A Guide to Chapter 7 Bankruptcy

Liquidation bankruptcy

Most people assume that if they file for Chapter 7 bankruptcy relief, they will lose their property. This assumption probably comes from the fact that a Chapter 7 bankruptcy case is referred to as a “liquidation bankruptcy.” What people fail to realize is that that majority of Chapter 7 bankruptcies are “no asset cases” meaning that the debtor does not lose any of his or her property. So why is Chapter 7 called a liquidation bankruptcy?

The Chapter 7 Trustee

When you file a Chapter 7 bankruptcy, a bankruptcy trustee will be appointed to your case. His job is to review the information you filed and to find assets that he can liquidate to pay your unsecured creditors. However, before the trustee can liquidate any property, he must first determine the value of the property for the bankruptcy estate. The first step is to determine the market value of the property (this is provided by the debtor in his schedules and verified by the trustee). From the market value, the trustee must subtract the payoff of any secured liens and the exemptions claimed by the debtor. Each debtor can claim various exemptions in assets that protect the equity in the asset from creditors and the trustee up to the dollar amount of the exemption. In most cases, once the trustee subtracts any secured liens and the claimed exemptions from the market value of the asset, there is no equity for the bankruptcy estate. Therefore, the trustee will abandon the assets and declare the case to be a “no asset” case. This is why most people who file Chapter 7 do not lose any of their assets.

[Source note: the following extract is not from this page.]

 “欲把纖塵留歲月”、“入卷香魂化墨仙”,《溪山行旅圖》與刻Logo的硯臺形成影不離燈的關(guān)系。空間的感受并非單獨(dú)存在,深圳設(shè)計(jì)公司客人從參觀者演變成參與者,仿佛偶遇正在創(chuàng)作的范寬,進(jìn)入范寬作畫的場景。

How does Chapter 7 help me solve my debt problems?

The first thing a Chapter 7 bankruptcy case will do for you is remove the stress and anxiety of dealing with creditors and debt collectors. If you live in fear of your mailbox or telephone because debt collectors are harassing you, filing bankruptcy stops creditor harassment. When your Chapter 7 bankruptcy case is filed, an automatic stay goes into effect and continues for the pendency of your case unless modified by the court. This automatic stay prevents creditors and bill collections from initiating or continuing collection efforts. This means a stop to the threatening letters and harassing telephone calls. Creditors are prohibited from filing lawsuits to seek judgments after the bankruptcy case is filed.

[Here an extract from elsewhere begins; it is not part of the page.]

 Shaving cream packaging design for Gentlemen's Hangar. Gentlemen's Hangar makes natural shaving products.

Once your bankruptcy case is completed, most, if not all, of your debts will be discharged. You will no longer be legally liable for the repayment of these debts. There are a few exceptions to this general rule such as child support, alimony, taxes and student loans. However, your credit card debt, medical bills, personal loans and cash advance loans will be discharged through your Chapter 7 bankruptcy case. You may choose to retain assets that are pledged as collateral for debt by continuing to pay the monthly payments under the contract or you may choose to surrender the asset and owe nothing more to the creditor. For example, if you want to keep your home and your car, you continue making those payments as they come due each month.

What happens in a typical Chapter 7 case?

Within 180 days before the filing of a Chapter 7 case, the debtor must first complete a credit counseling course. A certificate certifying that the course has been completed must be filed with the debtor’s petition. A Chapter 7 bankruptcy case begins with the filing of a voluntary petition. In addition to the petition, debtors are required to file schedules and statements that provide information about their assets, liabilities, income, expenses and financial history. In order to be eligible to qualify for Chapter 7, you must meet the income requirements of the means test. Your income for the past six months will be averaged and compared to the median income of families in your area. If your income is below the median income, you can proceed with the Chapter 7 case.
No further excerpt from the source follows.